As the advertising industry has been quick to understand, class can be effectively repackaged -- is indeed, exclusively defined by the industry -- in terms of lifestyle. It is just that this repackaging process requires the identification of stereotypes, and to be successful, such stereotypes must, necessarily, convince.

Cleanliness, then, is next to godliness -- or held to be, by the middle classes at least. And as proof of what might otherwise seem a contentious statement, one need only look at the message emblazoned across the automatic washing powder market leader's box. All of which is a little disheartening for those who might like to believe that clean clothes do not automatically indicate an unblemished conscience, and that dirt beneath the fingernails might indicate -- and this, once upon a time, was the reverse side of the same, petit bourgeois, and oddly puritan, prejudice -- an honest days toil.

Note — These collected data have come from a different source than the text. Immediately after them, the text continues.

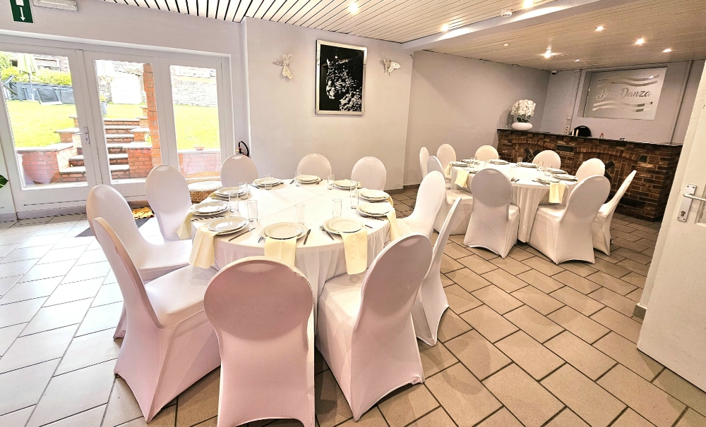 D'un côté, la salle Veni&Vidi , une salle de 90 convives accompagnée d'une plus petite salle polyvalente.
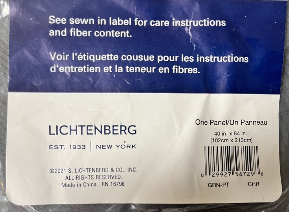 Sun Zero Lichtenberg Room-Darkening Rod Pocket Curtain Gray Panel Size 40 inches x 84 inches One Panel New in Package - Has been opened
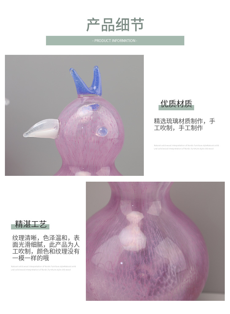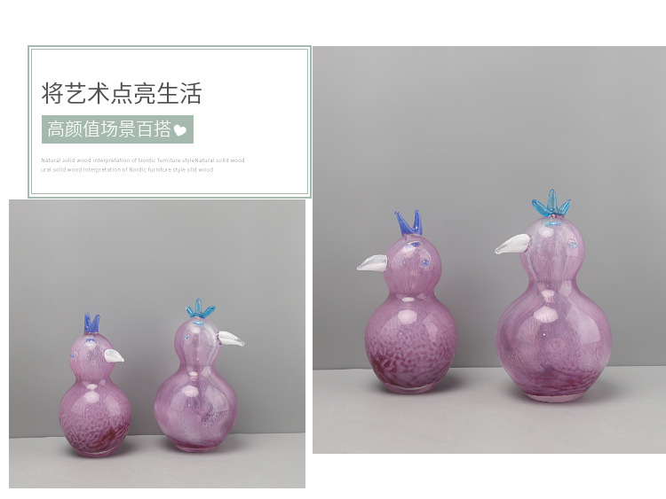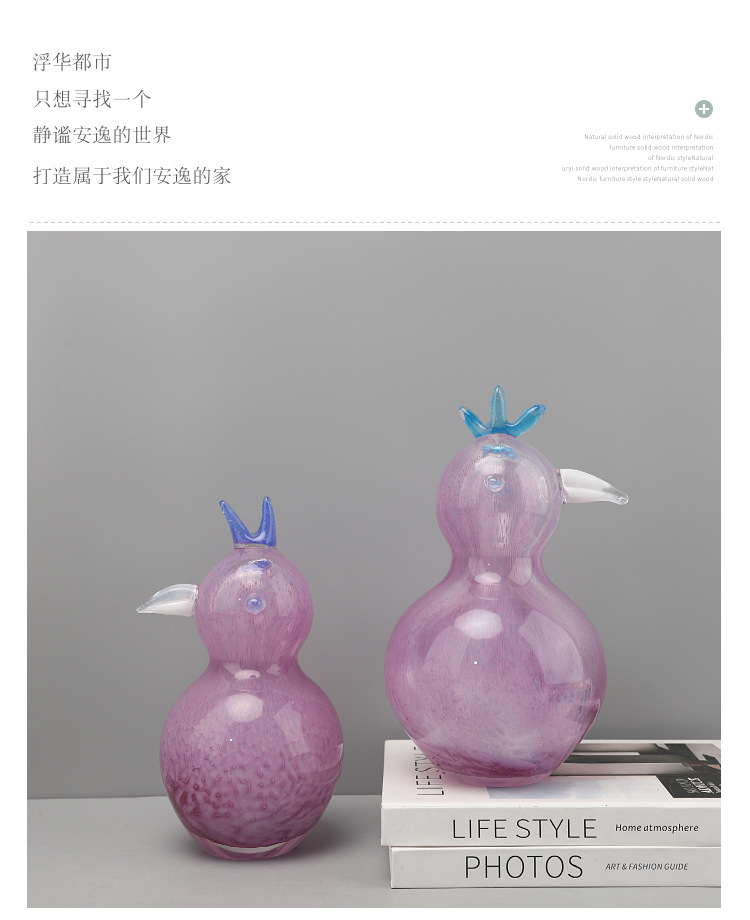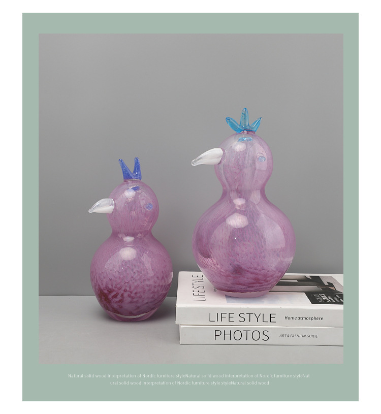 현대적이고 심플한 핑크색 유리 새 동물 조각 장식품, TV 캐비닛, 모델룸, 거실, 호텔, 가정 장식품스토어 가기

The fact is, though, that the great majority of those whose honest day's toil involves the dirtying of hands is unlikely to be possessed of sufficient means to interest the advertising industry, certainly not that section of the industry involved in the marketing of consumer durables. And such is the pervasiveness of our consumer-led morality that this simple economic fact has been allowed to reify into something far more disturbing than a set of demographic and economic statistics. It has acquired peculiarly moral overtones. Dirty equals poor equals undeserving. Clean equals middle class equals righteous.

It is not a set of equations that fits particularly comfortably with the realities of a third world economy. But then children who smear themselves in grease from used car batteries because they think it protects them rather than causing endless skin and respiratory problems during their (technically illegal) unpleasant, dirty jobs, have somehow become invisible, though they can be met in back streets all over the city.

Such, it seems, are the virtues of the dazzling whites produced by those stain-removing pearls. They dazzle so much that we can no longer really see.